Question: A traffic signal board, indicating ‘School Ahead’, is an equilateral triangle with side ‘a’. Find th...

Question

A traffic signal board, indicating ‘School Ahead’, is an equilateral triangle with side ‘a’. Find the area of the signal board, using Heron’s Formula. If its perimeter is 180 cm, what will be the area of the signal board?

Answer 1

Solution

Hint: Firstly use the formula “Perimeter of equilateral triangle = 3 (Side)”, you will get the value of ‘a’. Then find the value of ‘s’ by using the formula $s=\dfrac{Perimeter}{2}$ . At the end use the Heron’s Formula “Area of triangle $=\sqrt{s\left( s-a \right)\left( s-b \right)\left( s-c \right)}$ ” to get the final answer.
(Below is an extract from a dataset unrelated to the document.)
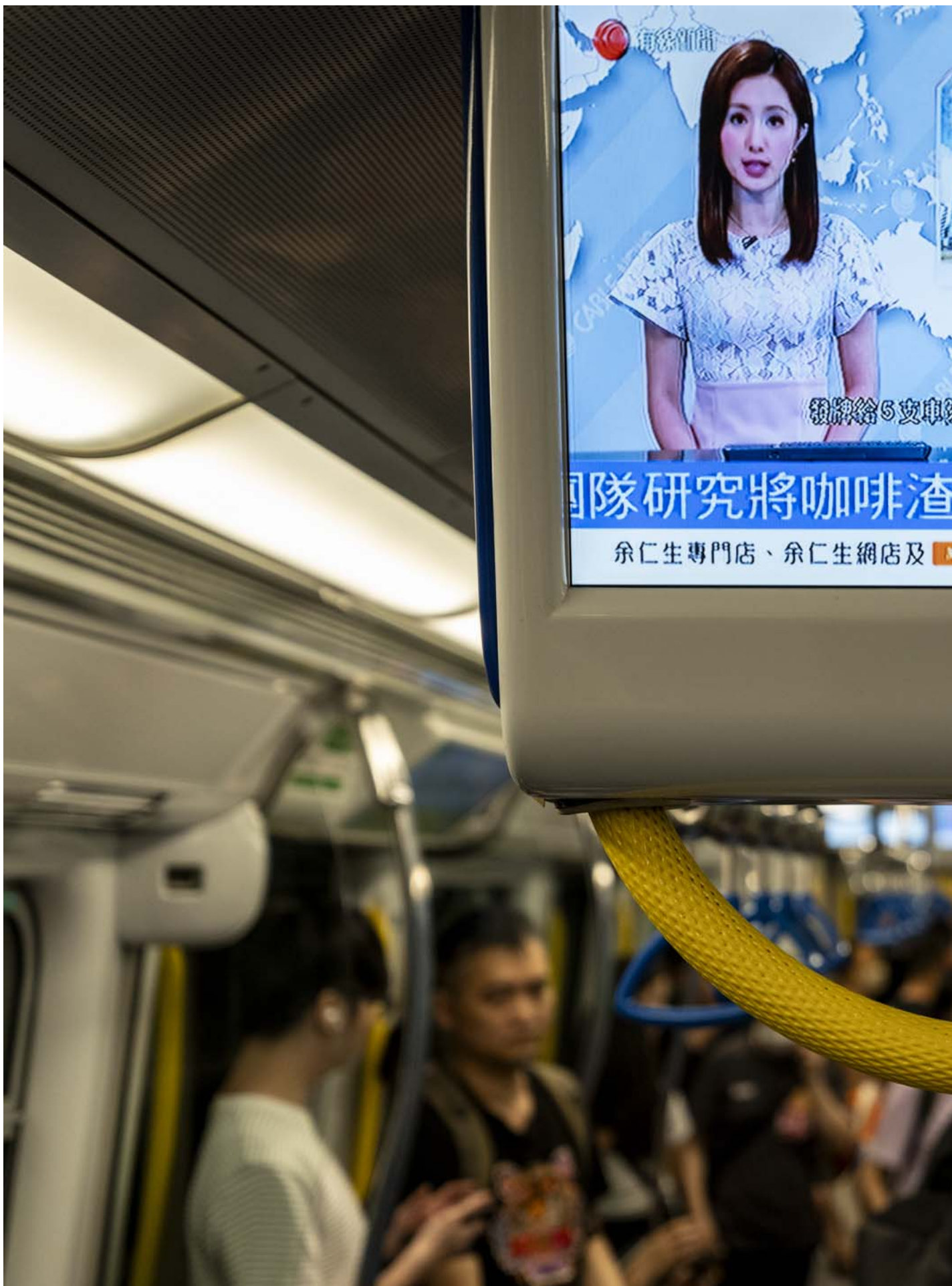
2024年6月22日，港铁的屏幕上播放有线新闻的片段。

但是，看不看，看得多还是少，和你觉得它是不是真的可信，真的未必有很必然的关系。news avoidance 都有很多可能性，固然香港过去几年大家会觉得和政治环境转变有关，但也有很多人是 driven by 其他东西的——香港是累的，不一定是政治的，可以是经济、社会，很多东西，总之顶不住。过去一两年，也真的没有很能够 involve 到大家的一些社会议题。

Complete step-by-step answer:

To solve the given question we will write the given data first, therefore,
Side of the triangle = a (1)
Perimeter of triangle = 180 cm (2)
As the triangle is equilateral therefore we should know the formula of perimeter of equilateral triangle given below,
Formula:
Perimeter of equilateral triangle = 3 (Side)
By using the above formula we can write the formula for perimeter of equilateral triangle with side ‘a’ as given below,
Perimeter of triangle = 3a
If we compare above equation with equation (2) we will get,
Therefore, 3a = 180
If we shift 3 on the right side of the equation we will get,
$a=\dfrac{180}{3}$
Therefore, a = 60 cm - (3)
To proceed further in the solution we should know the formula given below,
Heron’s Formula:
Area of triangle $=\sqrt{s\left( s-a \right)\left( s-b \right)\left( s-c \right)}$ - (4)
Where, $s=\dfrac{Perimeter}{2}$ and a, b and c are the sides of the triangle,
Before calculating the area we should know the value of ‘s’ therefore,
$s=\dfrac{Perimeter}{2}$
If we put the value of equation (2) in the above equation we will get,
$\therefore s=\dfrac{180}{2}$
Therefore, s = 90 cm …………………………………………………… (5)
As we know that all the sides of equilateral triangle are equal and its value is a therefore the formula of equation (4) can be reduced to,
Area of triangle $=\sqrt{s\left( s-a \right)\left( s-a \right)\left( s-a \right)}$
Simplifying the above equation we will get,
Therefore, Area of triangle $=\sqrt{s{{\left( s-a \right)}^{2}}\left( s-a \right)}$
If we take the term ${{\left( s-a \right)}^{2}}$ out of the square root we will get,
Therefore, Area of triangle $=\left( s-a \right)\sqrt{s\left( s-a \right)}$
If we put the values of equation (3) and equation (5) in the above equation we will get,
Therefore, Area of triangle $=\left( 90-60 \right)\sqrt{90\left( 90-60 \right)}$
By simplifying the above equation we will get,
Therefore, Area of triangle $=\left( 30 \right)\sqrt{90\left( 30 \right)}$
By rearranging the above equation we will get,
Therefore, Area of triangle $=\left( 30 \right)\sqrt{900\left( 3 \right)}$
As we know that the square root of 900 is 30 therefore above equation will become,
Therefore, Area of triangle $=\left( 30 \right)30\sqrt{3}$
Further simplification in the above equation will give,
Therefore, Area of triangle $=900\sqrt{3}\,c{{m}^{2}}$
Therefore the area of the given equilateral triangle is $900\sqrt{3}\,c{{m}^{2}}$ .

Note: In this question after finding the length of the side of the equilateral triangle we can cross check the answer by using the formula of the area of the equilateral triangle that $\dfrac{{\sqrt 3}{a}^2}{4}$ .